** Input data follows **

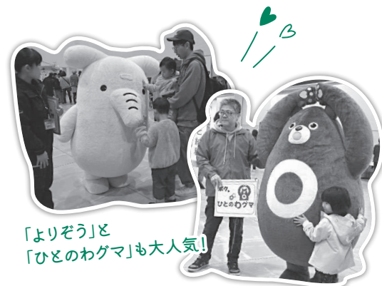
「よりぞう」と「ひとのわぐま」も大人気!
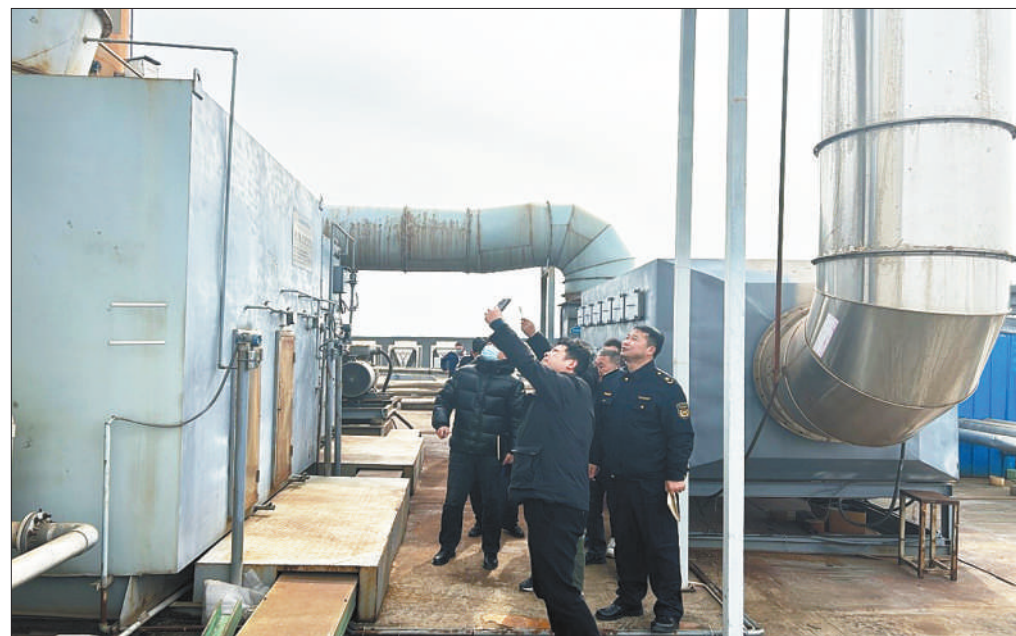
安徽省庐江生态环境分局近日邀请省安全、环保专家对全县66家重点工业企业以及生态环境执法人员开展专题培训,发放企业环境管理知识“应知应会手册”,明确告知企业履行环评手续、排污许可证申领、竣工验收、证后管理以及其他环境管理各项制度和要求。图为专家在企业现场作示范检查。

2023年以来,内黄分局按照市委、市政府全力“拼经济”十大攻坚战要求,立足本职工作,全力优化全县营商环境,处
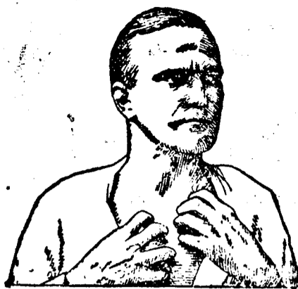
Ha bőrbetegségben szenved, használja a CADU W-KENOCST

A nagy szenzációt keltett mohamedán házasság tehát súlyos fordulóhoz érkezett el s mivel az ügy előreláthatólag precedens lesz, országsszerte nagy érdeklődéssel tekintenek a
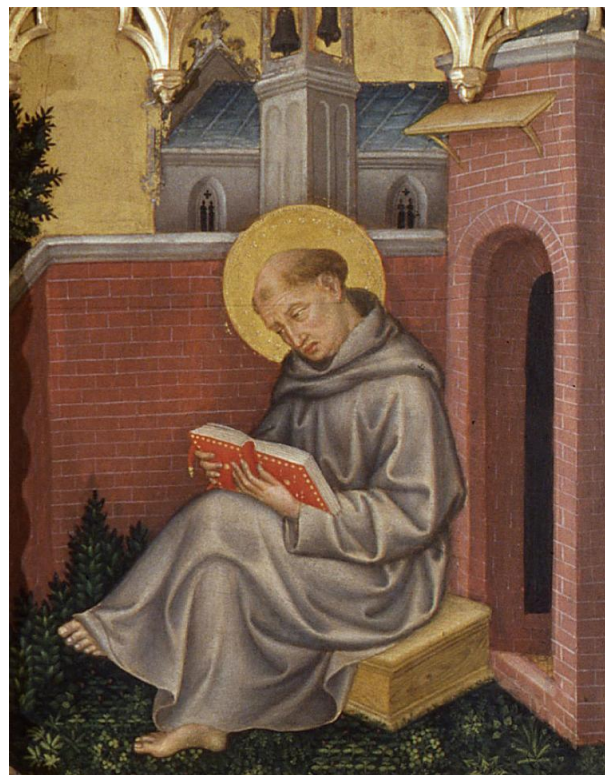
Tomás de Aquino.

Gentile da Fabriano, domínio público, via Wikimedia Commons. Disponível em: https://upload.wikimedia.org/wikipedia/commons/0/05/Benozzo_Gozzoli_004a.jpg .
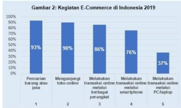
Gambar 2. Kegiatan E-Commerce di Indonesia 2019
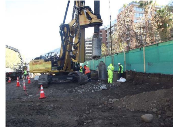
21.09.18 Excavación Pilotes sector 2
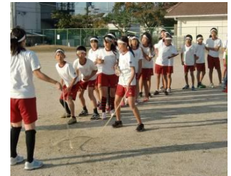
合同体育祭8の字とび(174回)第3位

10月には、修学旅行、社会見学旅行がありました。どの学年も晴れた日に、欠席者もなく、実施することができ、楽しい旅行となりました。保護者の皆様には準備等、お世話になりありがとうございました。秋は、スポーツの秋、読書の秋、芸術の秋などと言いますが、子どもたちは、合同体育祭、自由研究発表会、読書感想文・絵画・立体・書写などの作品づくり等、自分の得意な分野で力を発揮することができました。20日からは、マラソン大会に向けた練習も行っています。自分のめあてに向かって自分なりに努力している姿は、すばらしいと感じます。このような取組を通して「やりきった」という経験を増やしていきたいものです。11月20日(木)がマラソン大会です。子どもたちのやりきったという満足の笑顔がたくさん見られるよう、励ましていきたいと思います。今月もご協力の程、よろしくお願ひします。
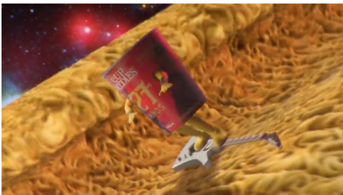
FIG 8 – CUP NOODLES SURFANDO EM UMA GUITARRA MOCKINBIRD:
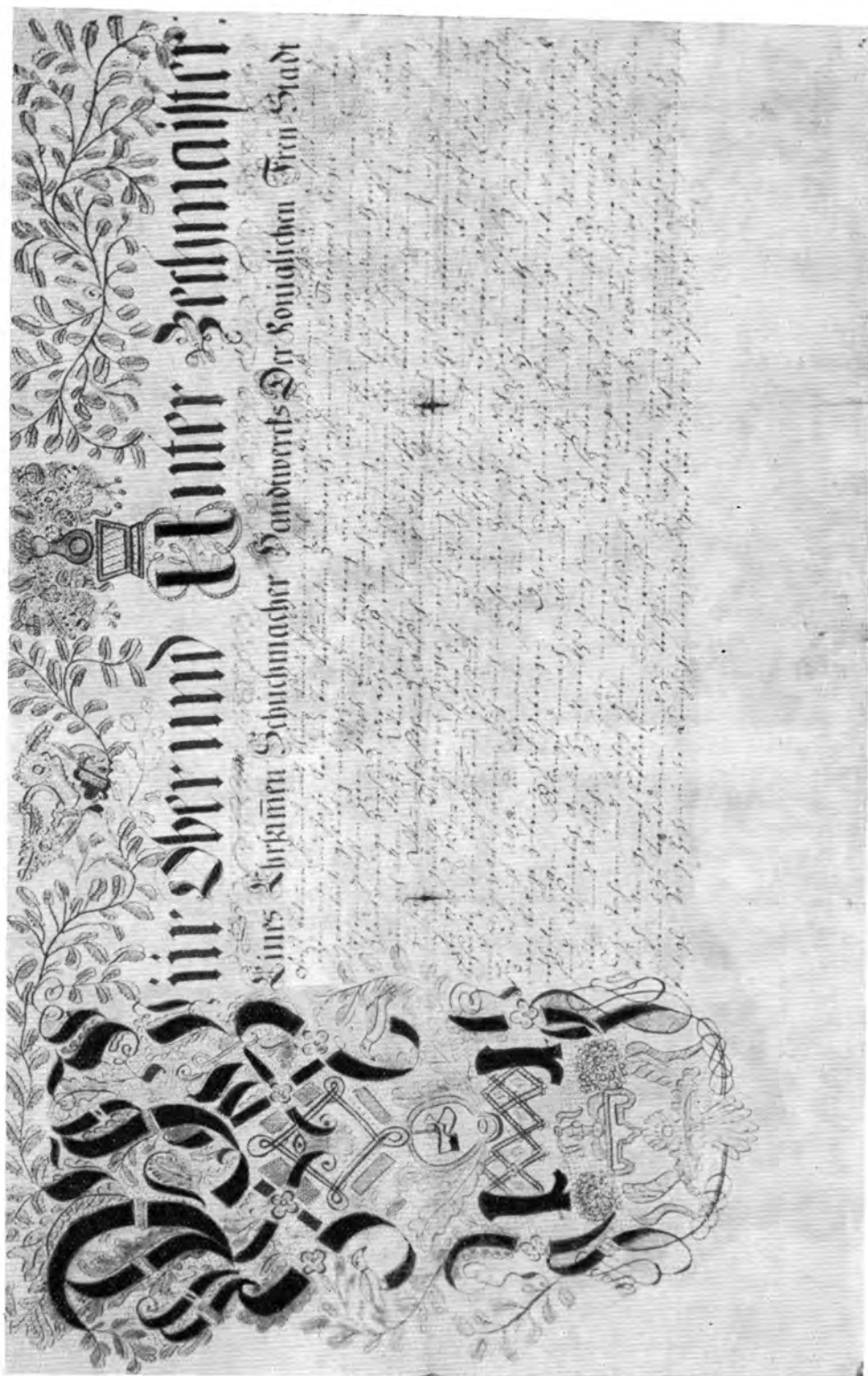
4. Pesti varga céh felszabadító levele. 1754. Kiscelli Múzeum
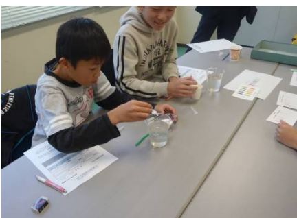
水質調査のようす ②
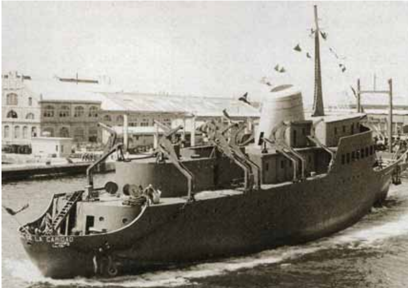
FOTO 4. A FLOTE, TRAS SU BOTADURA.
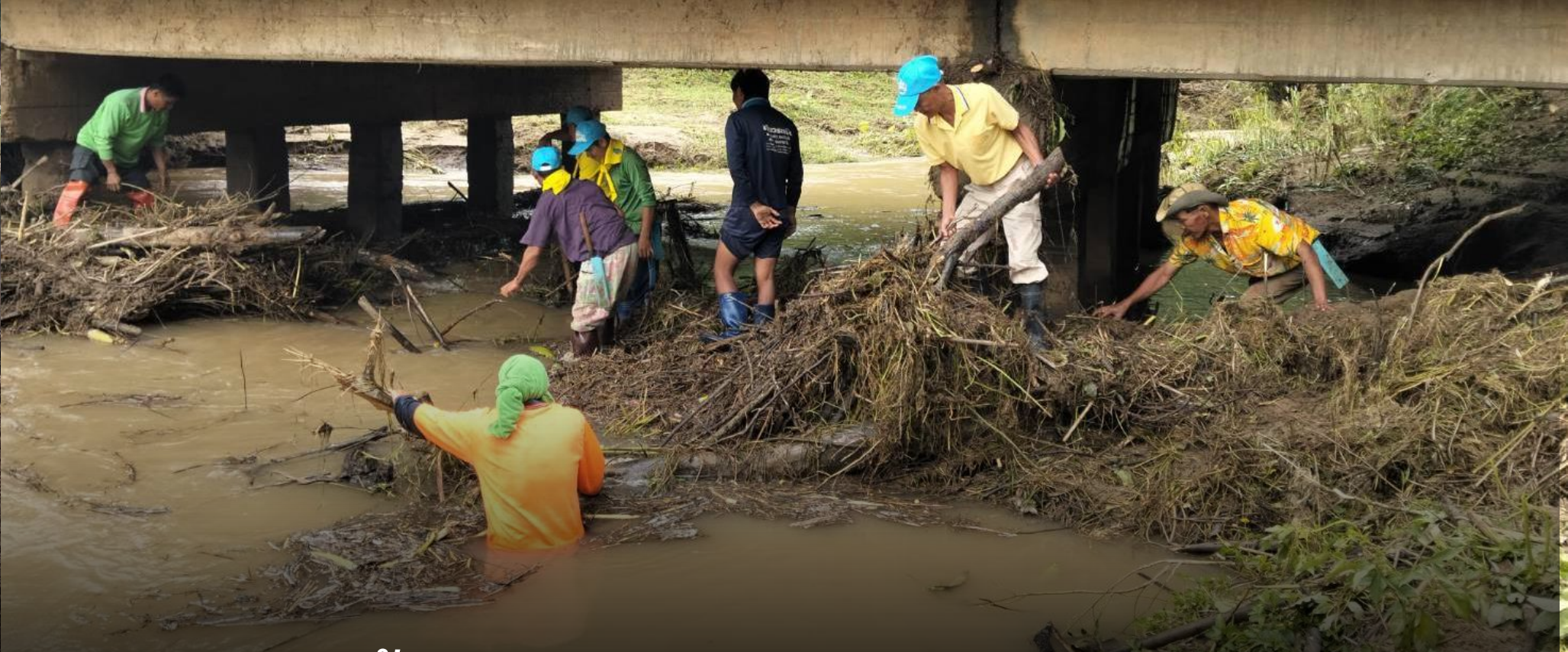
จิตอาสาพระราชทาน กำจัดวัชพืชสิ่งกีดขวางทางน้ำลำห้วย จังหวัดแม่ฮ่องสอน

** End of Input data **

__Exercise prompt__.
Beginning with the line that contains "FOTO 4. A FLOTE, TRAS SU BOTADURA." and ending with the last line of the data above, output those lines exactly and nothing more, without any pictures.

__Answer for the task__.
FOTO 4. A FLOTE, TRAS SU BOTADURA.
จิตอาสาพระราชทาน กำจัดวัชพืชสิ่งกีดขวางทางน้ำลำห้วย จังหวัดแม่ฮ่องสอน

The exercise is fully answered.